▶ [Activity]: Begin at the line below that holds "支援LDAC™️音訊,獲Hi-Res Audio Wireless認證" and end at the line that holds "entertained simultaneously. 📱", transcribing each line exactly and skipping any picture.

▶ [Record excerpts]:

§

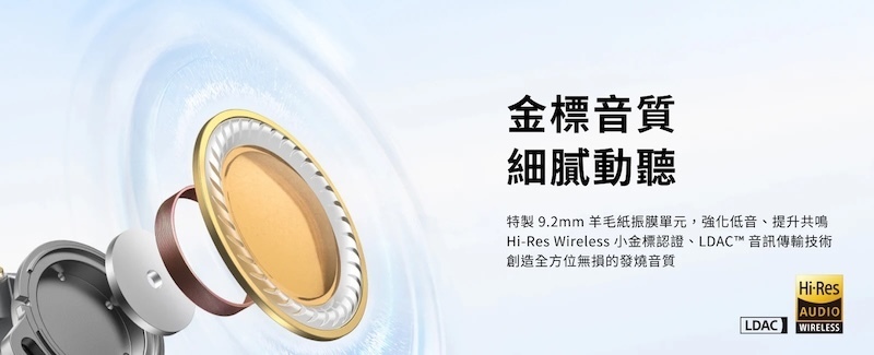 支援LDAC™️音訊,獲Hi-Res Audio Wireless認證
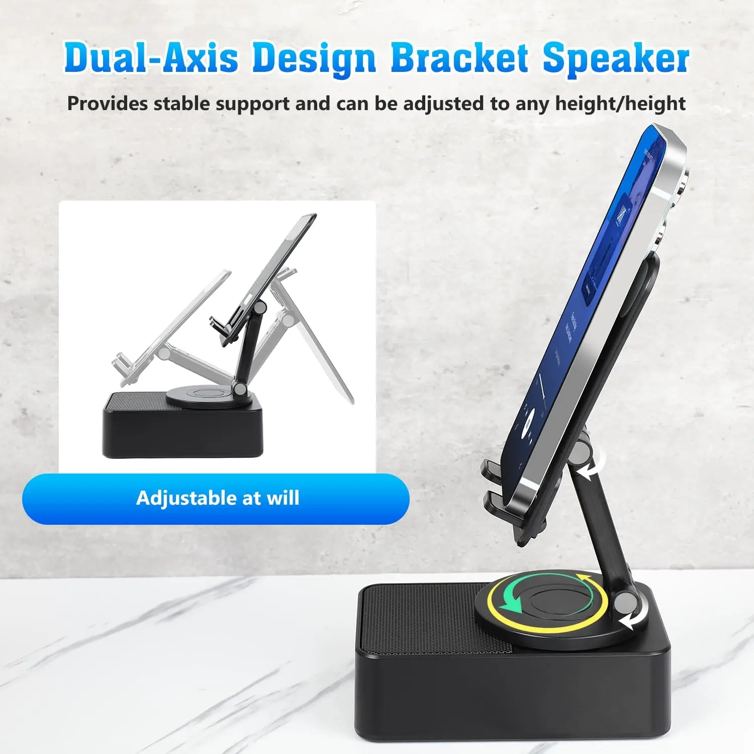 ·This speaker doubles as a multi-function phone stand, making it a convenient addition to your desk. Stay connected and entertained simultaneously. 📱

§

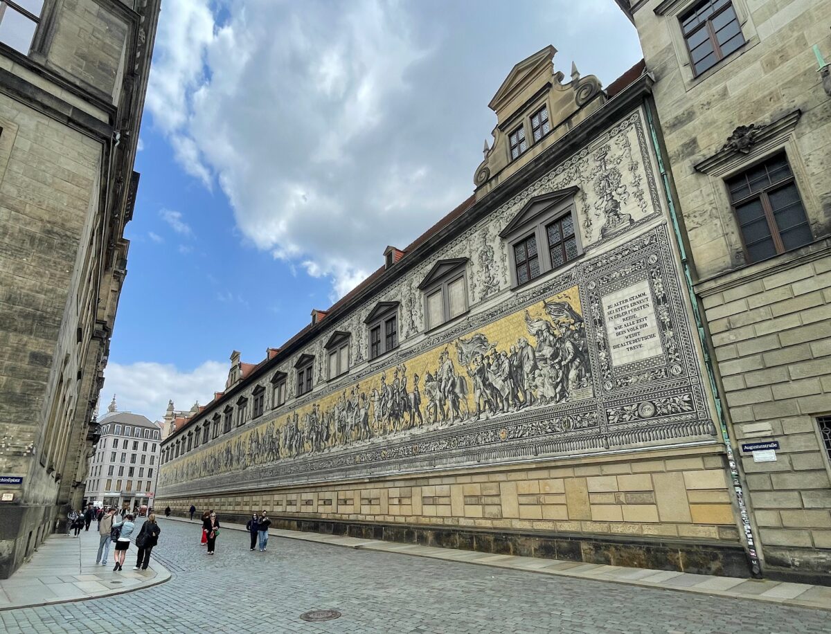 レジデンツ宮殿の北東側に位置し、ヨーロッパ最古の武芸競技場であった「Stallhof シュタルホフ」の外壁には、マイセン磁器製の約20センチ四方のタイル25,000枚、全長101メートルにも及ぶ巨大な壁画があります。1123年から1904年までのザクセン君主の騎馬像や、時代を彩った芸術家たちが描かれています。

§

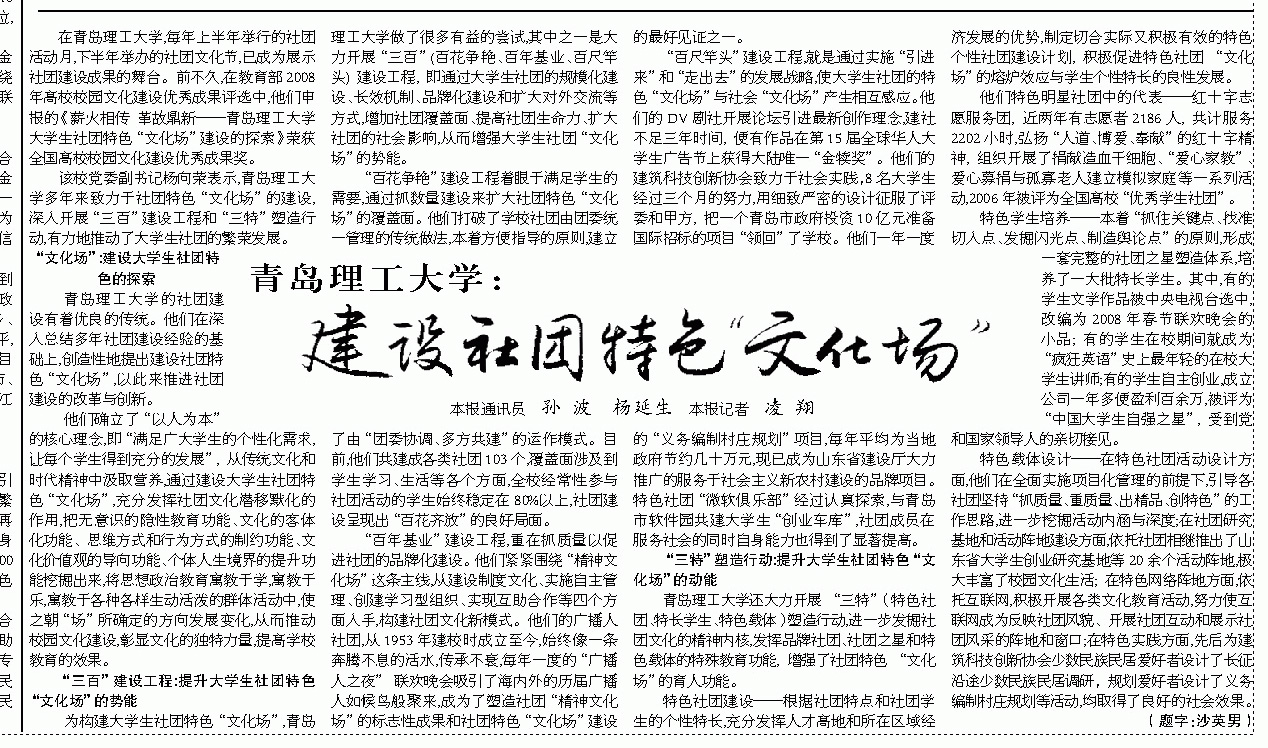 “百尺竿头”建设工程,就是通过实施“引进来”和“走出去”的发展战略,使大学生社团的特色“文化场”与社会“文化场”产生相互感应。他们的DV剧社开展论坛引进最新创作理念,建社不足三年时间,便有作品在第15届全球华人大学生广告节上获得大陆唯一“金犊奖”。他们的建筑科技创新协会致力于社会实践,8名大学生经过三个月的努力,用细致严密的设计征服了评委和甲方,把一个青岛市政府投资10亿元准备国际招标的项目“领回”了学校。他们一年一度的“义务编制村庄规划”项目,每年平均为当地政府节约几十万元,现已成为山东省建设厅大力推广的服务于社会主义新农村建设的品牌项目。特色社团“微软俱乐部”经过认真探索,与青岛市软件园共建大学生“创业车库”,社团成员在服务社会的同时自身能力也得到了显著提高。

§

▶ [Your response]:
 支援LDAC™️音訊,獲Hi-Res Audio Wireless認證
 ·This speaker doubles as a multi-function phone stand, making it a convenient addition to your desk. Stay connected and entertained simultaneously. 📱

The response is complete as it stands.